Is hypersensitivity pneumonitis divided into inflammatory and fibrotic phases according to the duration of antigen exposure?

Hypersensitivity Pneumonitis Classification: Not Based on Exposure Duration

Hypersensitivity pneumonitis is no longer classified by duration of antigen exposure (acute, subacute, chronic) but rather by the presence or absence of fibrosis on imaging or histopathology—specifically as either fibrotic or nonfibrotic disease—because fibrosis is the primary determinant of prognosis and survival, not exposure timing. 1

Why the Old Classification System Was Abandoned

The historical categorization of HP into acute, subacute, or chronic forms based on disease duration at presentation has been explicitly rejected by major international guidelines because:

• These temporal categories were vaguely defined and inconsistently applied across studies, with arbitrary and variable delineation that lacked clinical utility 1
• Duration-based categories did not correlate with outcomes—some patients classified as "acute" progressed to respiratory failure while others with "chronic" disease recovered completely, making the temporal distinction clinically meaningless 1
• The presence of radiographic or histopathological fibrosis emerged as the single most important prognostic factor, far outweighing any consideration of exposure duration 1

The Current Evidence-Based Classification

The 2020 ATS/JRS/ALAT guideline committee unanimously decided to categorize HP as either:

Nonfibrotic HP (Purely Inflammatory)

• Characterized by inflammatory changes without radiographic or histopathological evidence of fibrosis 1
• Favorable prognosis with possibility of complete recovery after antigen avoidance 1
• Patients who achieve complete antigen avoidance experience no recurrence or development of fibrosis 2
• Clinical improvement typically occurs within 2 weeks to 3.4 months after antigen cessation 3

Fibrotic HP (Mixed Inflammatory Plus Fibrotic or Purely Fibrotic)
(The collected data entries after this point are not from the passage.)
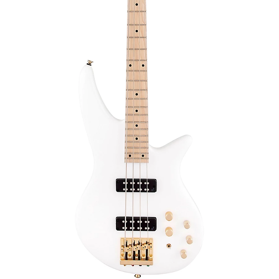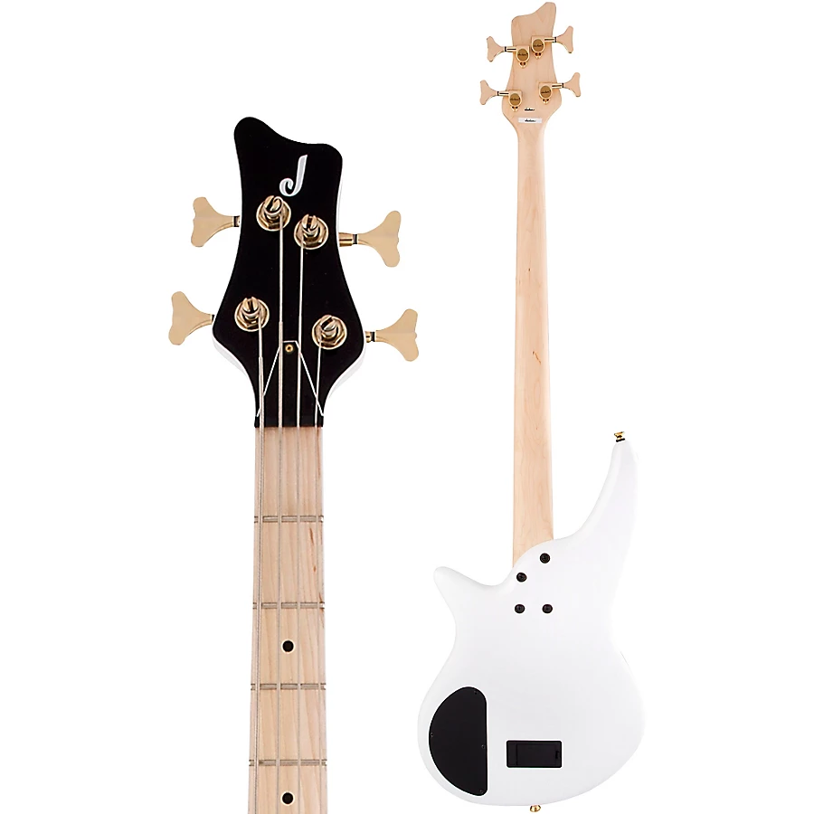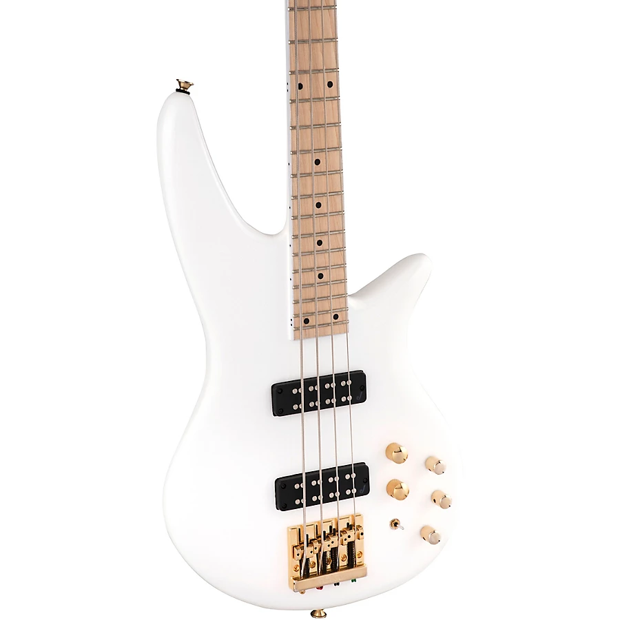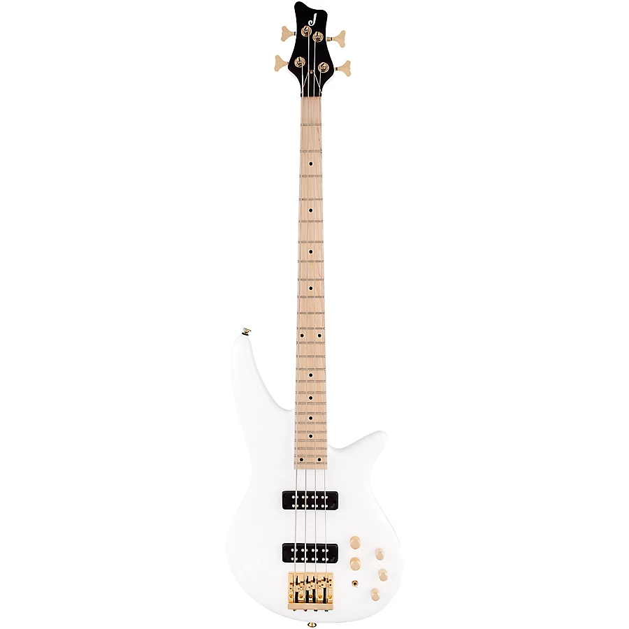 Featuring a unique 2x2 black headstock with an understated "J" logo, the budget-friendly SBXM IV comes in a classic Snow White finish with gleaming gold hardware.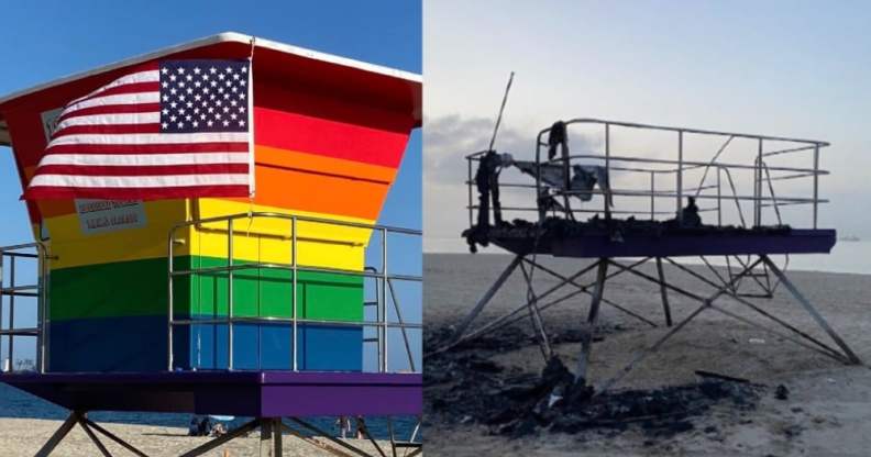 A rainbow-coloured ‘Pride’ lifeguard tower in Long Beach, Los Angeles has been burned down what the city’s mayor called “an act of hate.”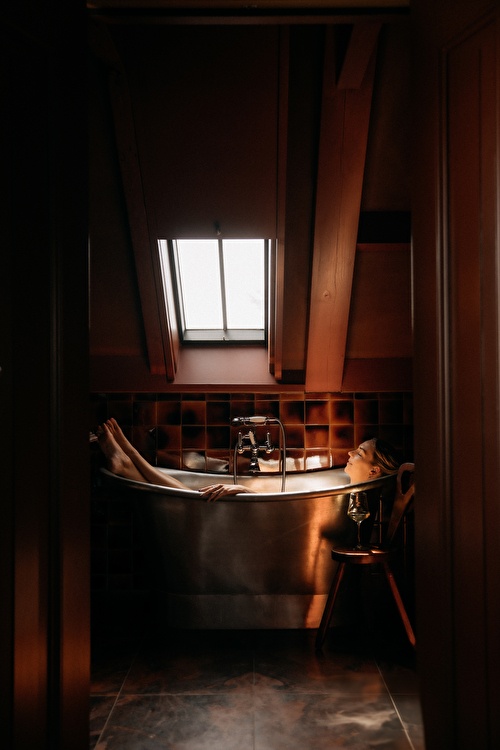 A lakeside boutique hotel frayed by tall grasses, laundered linen whispering in the wind and a row of gabled, clapboard houses in misty hues skirting along the water’s edge. Here is a time-stood-still hamlet, home to a handful of former fisherfolk, charming architecture, sail boats, coots, and our new hotel and restaurant.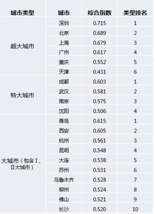 通過對於動態指標、公交基礎指標、軌道基礎指數等三類指標7個小項加權得出綜合指數對目前82個城市的公共交通出行進行了服務指數排名。深圳以0.715的公共出行服務指數排名全國第一,深圳在站點500米覆蓋率、軌道銜接、公交開放水平方面表現優異。其次是北京和上海。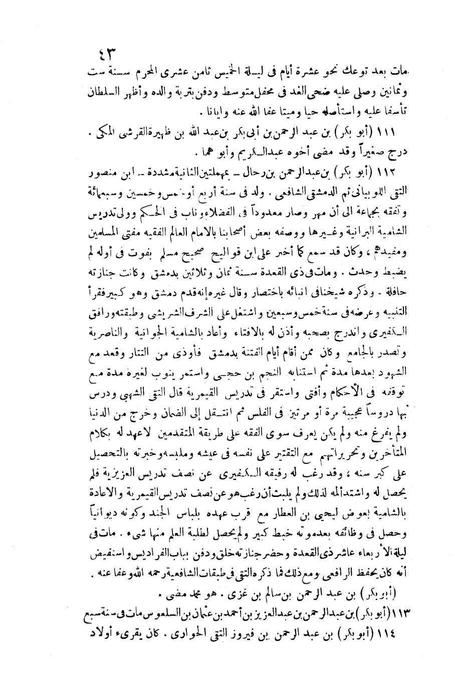 مَاتَ بعد توعك نَحْو عشرَة أَيَّام فِي لَيْلَة الْخَمِيس ثامن عشري الْمحرم سنة سِتّ وَثَمَانِينَ وَصلى عَلَيْهِ ضحى الْغَد فِي محفل متوسط وَدفن بتربة وَالِده وَأظْهر السُّلْطَان تأسفا عَلَيْهِ واستأصله حَيا وَمَيتًا عَفا الله عَنهُ وإيانا 11 (أَبُو بكر) بن عبد الرَّحْمَن بن أبي بكر بن عبد الله بن ظهيرة الْقرشِي الْمَكِّيّ درج صَغِيرا وَقد مضى أَخُوهُ عبد الْكَرِيم وأبوهما 11 (أَبُو بكر) بن عبد الرَّحْمَن بن رحال بمهملتين الثَّانِيَة مُشَدّدَة ابْن مَنْصُور التقي اللوبيان ثمَّ الدِّمَشْقِي الشَّافِعِي ولد فِي سنة أَربع أَو خمس وَخمسين وَسَبْعمائة وتفقه بِجَمَاعَة إِلَى أَن مهر وَصَارَ معدودا فِي الْفُضَلَاء وناب فِي الحكم وَولي تدريس الشامية البرانية وَغَيرهَا وَوَصفه بعض أَصْحَابنَا بِالْإِمَامِ الْعَالم الْفَقِيه مفتي الْمُسلمين ومفيدهم وَكَانَ قد سمع كَمَا أخبر على ابْن قواليح صَحِيح مُسلم بفوت فِي أَوله لم يضْبط وَحدث وَمَات فِي ذِي الْقعدَة سنة ثَمَان وَثَلَاثِينَ بِدِمَشْق وَكَانَت جنَازَته حافلة وَذكره شَيخنَا فِي أنبائه بِاخْتِصَار وَقَالَ غَيره إِنَّه قدم دمشق وَهُوَ كَبِير فَقَرَأَ التَّنْبِيه وَعرضه فِي سنة خمس وَسبعين واشتغل على الشّرف الشريشي وطبقته ورافق الكفيري واندرج بصحبه وَأذن لَهُ بالإفتاء وَأعَاد بالشامية الجوانية والناصرية وتصدر بالجامع وَكَانَ مِمَّن أَقَامَ أَيَّام الْفِتْنَة بِدِمَشْق فأوذي من التتار وَقعد مَعَ الشُّهُود بعْدهَا مُدَّة ثمَّ استنابه النَّجْم بن حجي وَاسْتمرّ يَنُوب لغيره مُدَّة مَعَ توقفه فِي الْأَحْكَام وَأفْتى وَاسْتقر فِي تدريس القيمرية قَالَ التقى الشهبي ودرس بهَا دروسا عَجِيبَة مرّة أَو مرَّتَيْنِ فِي الْفلس ثمَّ انْتقل إِلَى الضَّمَان وَخرج من الدُّنْيَا وَلم يفرغ مِنْهُ وَلم يكن يعرف سوى الْفِقْه على طَريقَة الْمُتَقَدِّمين لَا عهد لَهُ بِكَلَام الْمُتَأَخِّرين وتحريراتهم مَعَ التقتير على نَفسه فِي عيشه وملبسه وخبرته بالتحصيل على كبر سنه وَقد رغب لَهُ رَفِيقه الكفير عَن نصف تدريس العزيزية فَلم يحصل لَهُ وَاشْتَدَّ ألمه لذَلِك وَلم يلبث أَن رغب هُوَ عَن نصف تدريس القيمرية والإعادة بالشامية بعوض ليحيى بن الْعَطَّار مَعَ قرب عَهده بلباس الْجند وَكَونه ديوانيا وَحصل فِي وظائفه بعد مَوته خبط كَبِير وَلم يحصل لطلبة الْعلم مِنْهَا شَيْء مَاتَ فِي لَيْلَة الْأَرْبَعَاء عَاشر ذِي الْقعدَة وَحضر جنَازَته خلق وَدفن بِبَاب الفراديس واستفيض أَنه كَانَ يحفظ الرَّافِعِيّ وَمَعَ ذَلِك فَمَا ذكره التقى فِي طَبَقَات الشَّافِعِيَّة رَحمَه الله وَعَفا عَنهُ (أَبُو بكر) بن عبد الرَّحْمَن بن سَالم بن غزى هُوَ مُحَمَّد مضى 113 (أَبُو بكر) بن عبد الرَّحْمَن بن عبد الْعَزِيز بن أَحْمد بن عُثْمَان بن السلعوس مَاتَ فِي سنة سبع 114 (أَبُو بكر) بن عبد الرَّحْمَن بن فَيْرُوز التقى الْحوَاري كَانَ يقرئ أَوْلَاد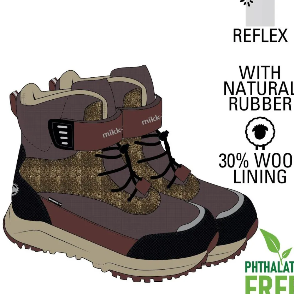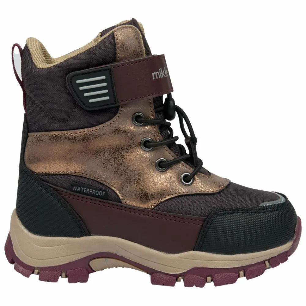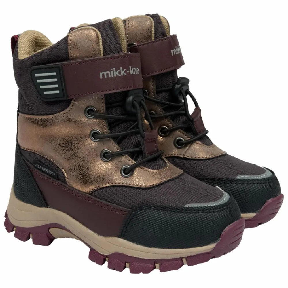 Mikk-line vinterstøvler til pige. En vandtæt støvle, der med en isolerende foring sørger for at holde fødderne varme og tørre i de kolde vintermåneder. Støvlerne har velcrolukning og justerbare snøre. De har en strop bagtil, så de er nemme for barnet at få af og på. Ydersålen er robust og har et groft mønster, der giver et godt fodfæste på glatte overflader.
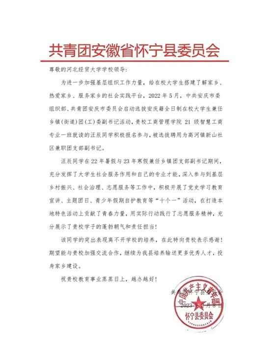 为进一步加强基层组织工作力量,为在校老员工搭建了解家乡、热爱家乡、服务家乡的社会实践平台,中共安庆市委组织部、共青团安庆市委员会选拔了一批安庆籍全日制在读老员工,兼任乡镇(街道)团(工)委副书记。自活动开展以来,公司2021级智慧工商专业一班的汪辰同学踊跃报名,经过层层选拔,被聘用为高河镇新山社区兼职团支部副书记。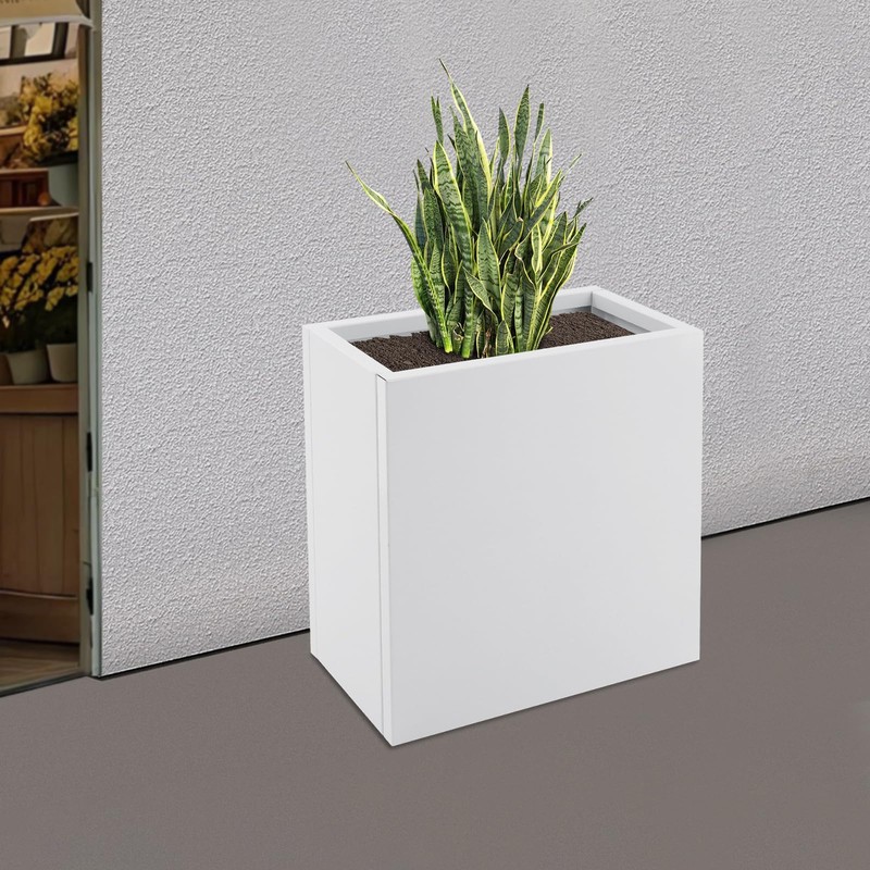 TFCFL Metal Rectangular Planter Box,Galvanized Steel Long Box Planter Outdoor Planters,Tall Planters for Porch Patio Garden 20.5x10x22in (White)

• Defined by presence of extensive reticulation, traction bronchiectasis, and/or honeycombing on HRCT imaging 1
• Significantly reduced survival, particularly with UIP-like patterns 1
• All-cause 5-year mortality rate of approximately 48% 2
• Fibrotic HP patients have 4.35 times increased risk of death compared to nonfibrotic HP (HR 4.35; 95% CI 2.22-8.33) 1

Critical Prognostic Factors (Not Exposure Duration)

The factors that actually determine outcomes in HP are:

• Presence and extent of fibrosis on imaging (HR 1.54 per unit increase in fibrosis score; 95% CI 1.25-1.88) 1
• Pulmonary fibrosis on CT increases mortality risk 2.43-fold (HR 2.43; 95% CI 1.36-4.35) after adjusting for age and lung function 1
• UIP-like pattern on imaging correlates with particularly poor survival 1, 3
• BAL lymphocytosis <30-50% predicts worse outcomes in fibrotic disease 1, 2
• Honeycombing on HRCT is an independent negative prognostic factor 2
• Unidentified inciting antigen (occurs in 30-50% of cases) independently shortens survival (HR 2.07; 95% CI 1.02-4.24) 1, 3

Why This Distinction Matters Clinically

The fibrotic versus nonfibrotic classification has direct therapeutic and prognostic implications:

• Nonfibrotic HP: Antigen avoidance alone may be sufficient; corticosteroids reverse functional decline from -0.35% to +0.84% monthly (P<0.01) 3
• Fibrotic HP: Corticosteroids show no significant benefit on FVC% (P=0.96) or DLCO% (P=0.59); steroid-sparing immunosuppressants are needed 3
• Patients with mixed features are categorized by the predominance of inflammatory versus fibrotic features 1

Common Pitfall to Avoid

Do not assume that "acute" presentation means inflammatory disease or that "chronic" symptoms mean fibrotic disease. The speed of symptom onset and duration of exposure do not reliably predict the presence or absence of fibrosis 1. A patient with sudden symptom onset may already have established fibrosis on imaging, while someone with years of low-level exposure may have purely inflammatory disease. Always obtain HRCT imaging to definitively classify the disease phenotype 1, 3.

The pathologic literature does describe acute, subacute, and chronic histopathologic patterns 4, 5, 6, but these are descriptive morphologic observations rather than a clinically useful classification system for guiding management decisions 1.